D’Onofrio e Francescoli foram muito felizes na escolha de Marcelo Gallardo para treinador, seguindo a tradição de dar espaço a ídolos do clube ainda jovens no banco de reservas. Aos 38 anos, Muñeco vinha de uma experiência como técnico do Nacional de Montevidéu (Uruguai), e do outro lado do charco havia sido campeão. Era uma aposta, ainda mais depois da saída de Ramón, mas Gallardo manteve uma invencibilidade de 32 jogos e mostrou-se um grande comandante em campo, mesmo não sendo exatamente esse o seu perfil.

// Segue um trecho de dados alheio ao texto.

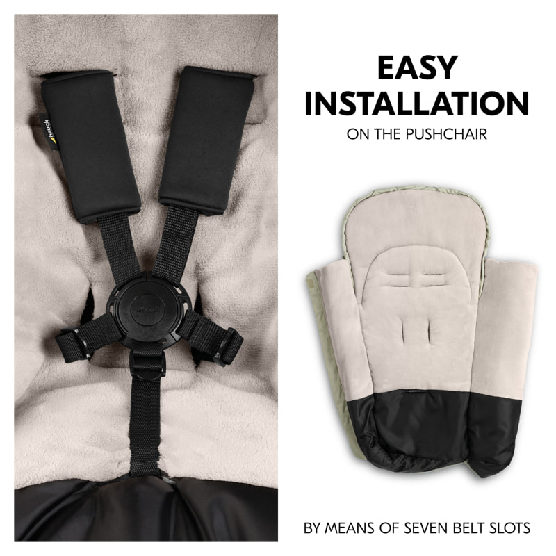 Благодарение на седемте отвора за колани, просторният зимен чувал се монтира лесно и бързо върху вашата количка – дори когато 5-точковите предпазни колани са на различна височина.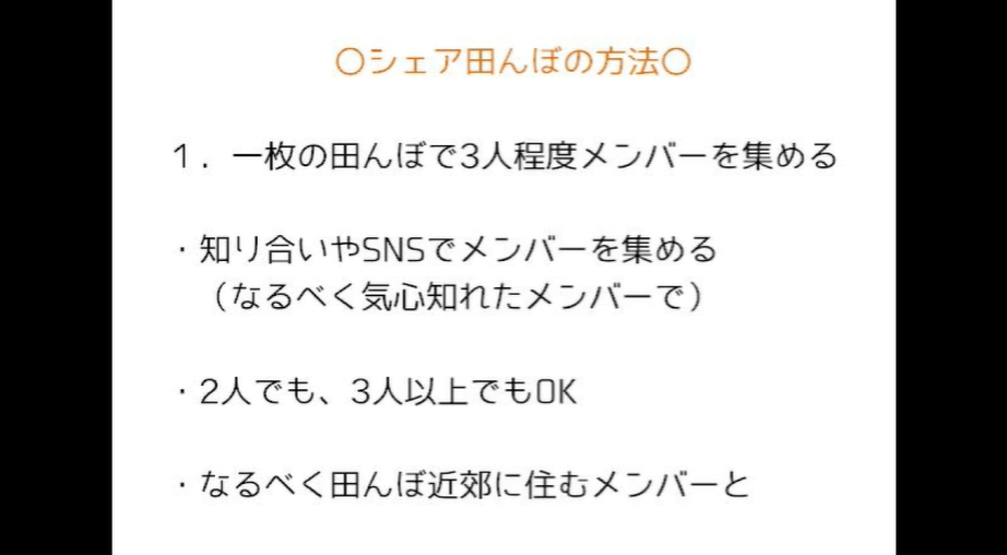 とはいえ、何もわからない状態で地域に飛び込み、稲作を始めるのは心細い面もあります。そんな方は、シェア田んぼもオススメです。10万の機械を買うとしても10人いれば1人1万でいいし、草刈りなど大変な作業も一人では苦行ですが、仲間がいれば話しながら楽しみながらできます。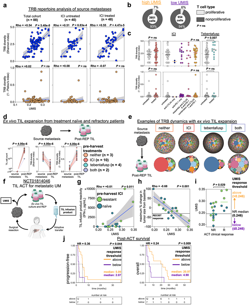 (a) 对 UM 转移瘤的bulk RNA-seq进行 T 细胞受体 β (TRB) 谱分析。(b) 按单细胞图谱计算的 UMIS 组中增殖性 T 细胞的比例。(c) 未治疗的 ICI 或 tebentafusp 与已治疗的转移瘤中 TRB 多样性和克隆性的比较。(d) 来自未接受治疗和难治性患者的体外 TIL 扩增。(e) 离体 TIL 扩增的 TRB 动力学示例。(f) 在 NCT01814046(转移性 UM 的 TIL ACT)背景下评估 UMIS 的示意图。(g) 源转移 UMIS 与 TIL 输注产品反应性的相关性。 (h) TIL ACT 后源转移 UMIS 与肿瘤大小相对于基线 (RECIST v1.1) 的最大百分比变化的相关性。 (i) TIL ACT应答者和无应答者之间 UMIS 的比较。 (j) 按 UMIS 反应阈值计算的 ACT 后生存时间-事件曲线。

Fez o uruguaio Carlos Sánchez jogar um futebol dos deuses, viu o cigano Pisculichi, aos 31 anos, fazer chover e se tornar o melhor jogador da América do Sul, conviveu e deu moral ao Pistolero Teo Gutierrez, ressucitou Leonardo Ponzio, foi ajudado por Trapito Barovero (o goleiro mais magro do mundo), teve ao seu lado a torcida, anos de tradição de um futebol poético e a diretoria. Não poderia dar errado. Vencemos a Copa Sul-Americana de maneira invicta e incontestável. Perdemos o campeonato para o Racing, é verdade, mas foi feita uma escolha, e ela deu frutos. Todo o crédito para Gallardo.
Para sair do ocaso e voltar aos lugares mais altos do futebol mundial, o River teve que romper com os NOVOS PARADIGMAS. Os velhos é que sempre nos deram resultados. O Monumental é um lugar onde a tradição de um clube que abriga seus ídolos, se encontra com um futebol poético, mas sem deixar de ser aguerrido. Um lugar de estar, não de passar. Um lugar para onde todos sempre quiseram voltar, não um lugar para novas gestões, modernidade e profissionalização de araque. Essa tríade, na mão de picaretas e malandros (as vezes vestidos de ídolos ou ex-atletas vitoriosos), é muito perigosa. Claro que os desvios de recursos, a malversação de fundos e o azar também contribuíram, mas ainda bem que acordamos, nos reinventamos e agora por muitos anos estaremos sob os holofotes do futebol mundial.
El Más Grande Sigue Siendo River Plate!
Ah, e se é para ter essa torcida maravilhosa, que o clube ajude, sim. Não só a barra, mas os sócios aderentes, que fazem o espetáculo acontecer e que nunca desanimaram, que nunca precisam de campanhas publicitárias ridículas contratadas a peso de ouro.